Paris mis en bouteille

DELPHINE KINDERMANS RÉDACTRICE EN CHEF © frédéric raevens

Elles semblent instinctives, mais il y a pourtant une explication rationnelle à la puissance de ces émotions-là. Si les odeurs constituent des souvenirs aussi tenaces, c’est que les molécules de l’air que nous inhalons passent par une zone de notre nez dont les cellules déclenchent des signaux électriques transmis au bulbe olfactif, directement relié au cortex. Ce dernier envoie ensuite ces stimuli, sans déperdition, dans le système limbique. Or, cette partie de notre cerveau régit, notamment, notre état affectif et notre mémoire à long terme.

Davantage encore qu’une image, un son ou une sensation tactile, qui risquent de se flouter au fil du temps, certains effluves ont ainsi la capacité de nous replonger dans le passé. Y être confronté conduit aussitôt à se remémorer avec précision une personne, un moment ou un endroit. Pas étonnant, dès lors, que les parfumeurs se servent de ce formidable levier pour exercer leur art. Si bien que des destinations qui les ont fascinés peuvent se retrouver en flacons… et Paris en bouteille :  » c’est le point d’ancrage « , nous a confié Olivier Polge, qui a rejoint Chanel en 2013 et succédé à son père à la création des fragrances deux ans après. La capitale française, si déterminante pour Mademoiselle, qui y développa sa griffe de mode et y vécut jusqu’à la fin de sa vie, se voit en effet associée dans sa nomenclature à Deauville, Biarritz et Venise – cruciales également dans le parcours de Coco – dans les trois nouvelles Eaux de la maison.

Davantage qu’une image ou un son, certains effluves ont la capacité de nous replonger dans le passé.

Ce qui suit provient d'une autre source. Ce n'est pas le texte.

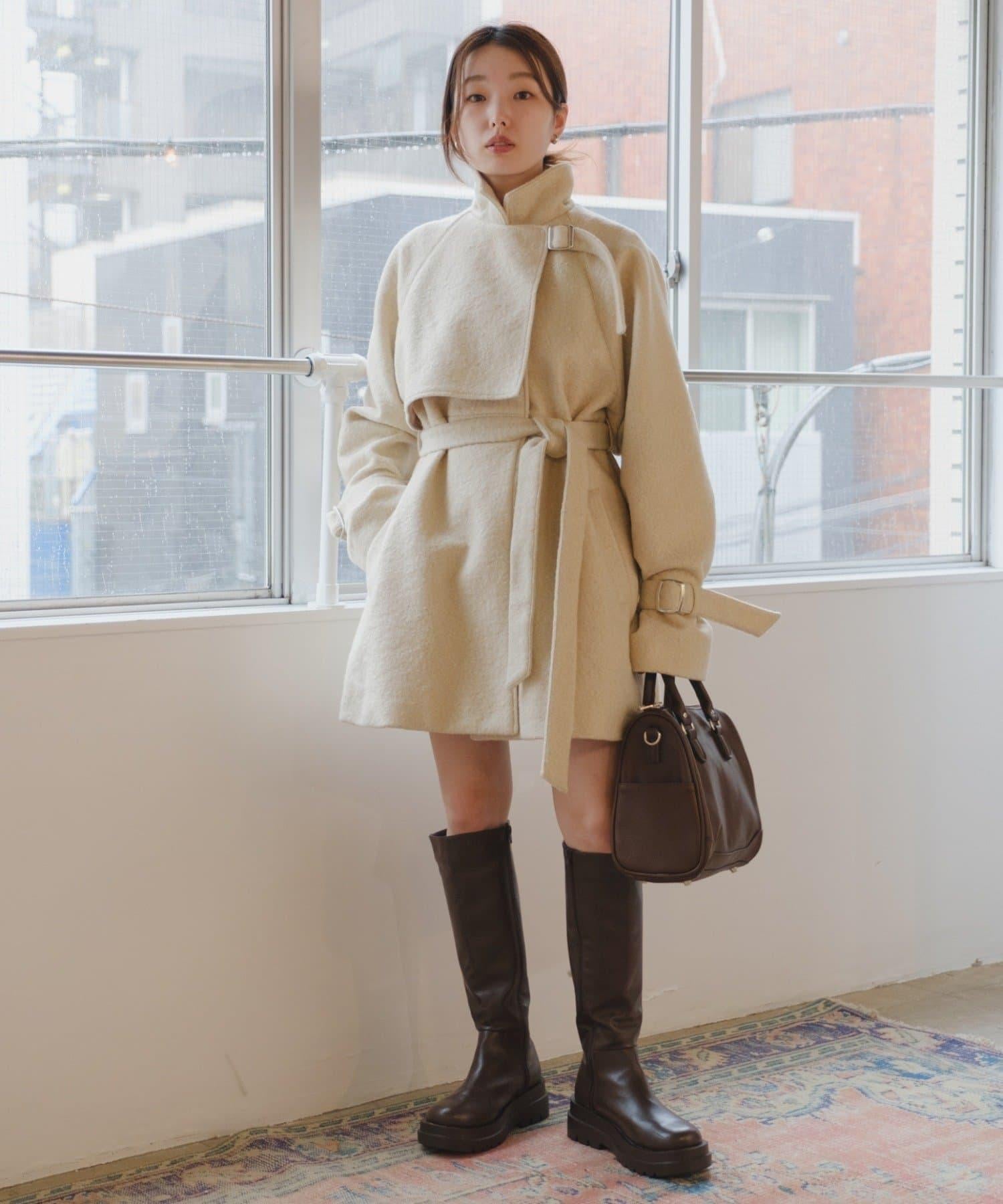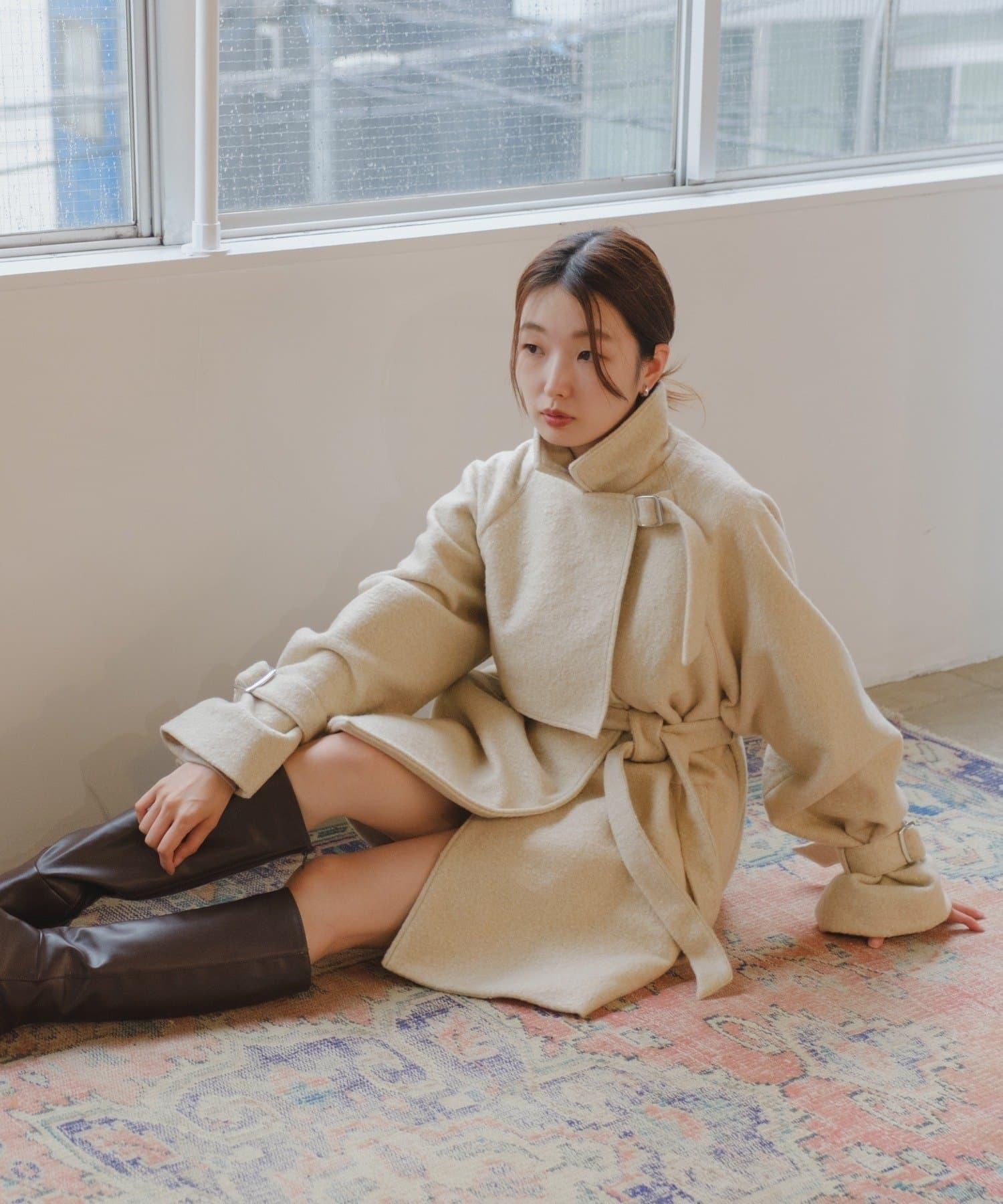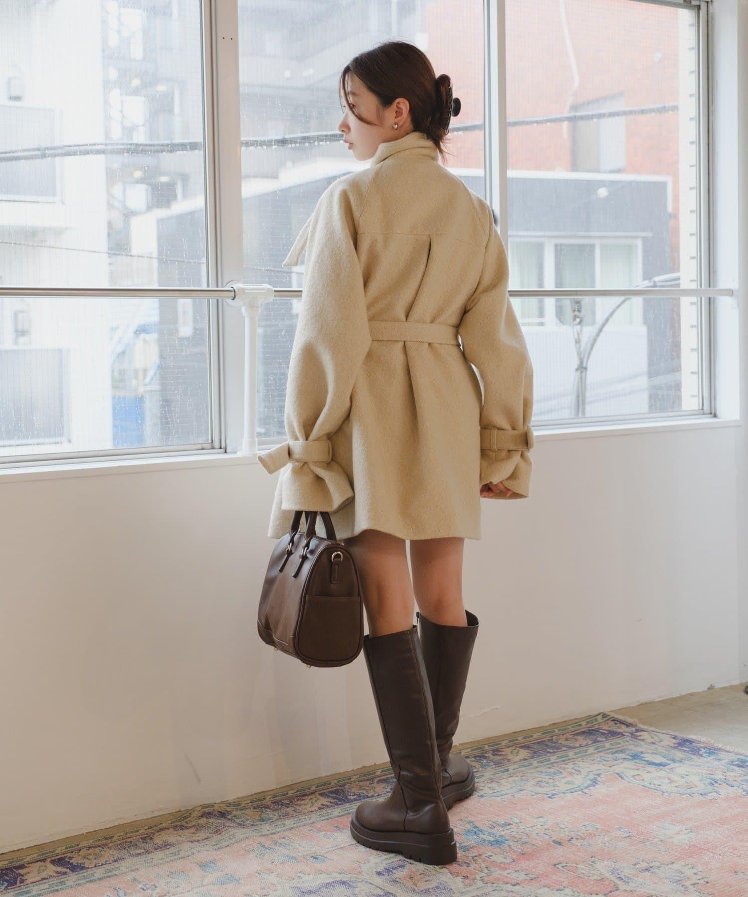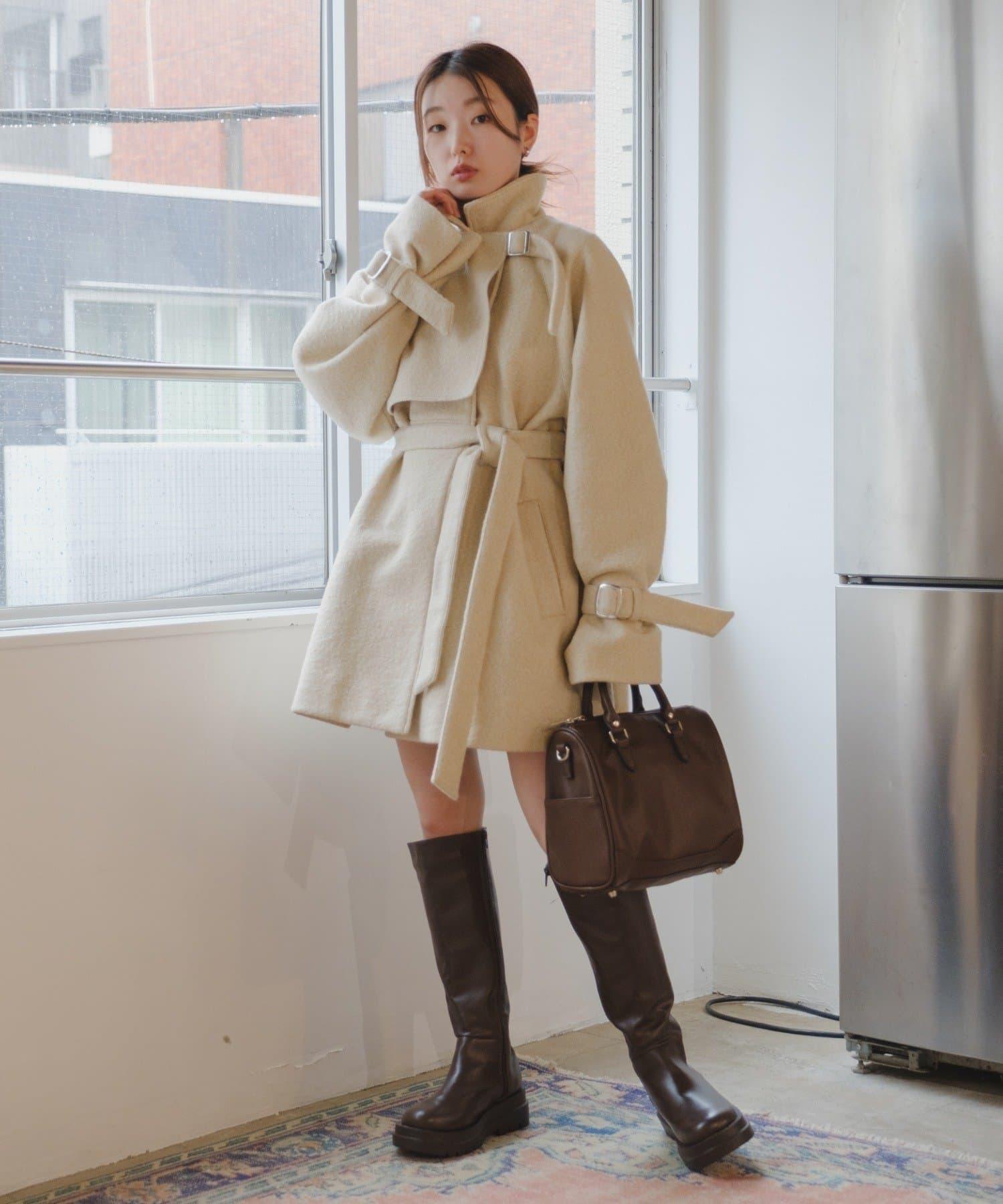 高領喇叭袖大衣

Pour autant, précise l’expert au sujet de ces lieux,  » je ne voulais pas en faire une interprétation textuelle, plutôt une impression diffuse « . Au néroli et à la vanille ambrée d’évoquer la facette orientale de la Sérénissime, à une profusion d’agrumes et aux notes ozoniques d’esquisser la station balnéaire du sud-ouest et aux bouffées d’herbes folles, obtenues via l’orange amère, le basilic et le petit-grain, celle de la côte normande. De même, lorsqu’il s’est agi de lancer leur premier jus, Jack McCollough et Lazaro Hernandez, le duo derrière Proenza Schouler, avaient en tête la beauté brute du désert d’Arizona – ils lui ont d’ailleurs attribué le nom de l’Etat américain. Mais, loin de chercher à en reproduire des senteurs attendues, comme celles, minérales, de la roche chauffée au soleil, ils se sont attachés à traduire l’enivrant  » sentiment d’aventure et d’évasion  » auquel ils se sont frottés pendant un road trip sur place. Du coup, ils nous emmènent au bout du monde sans qu’on y ait mis les pieds. Un voyage réalisé en pensée, juste en fermant les yeux et en respirant, qui donnera naissance à d’autres réminiscences.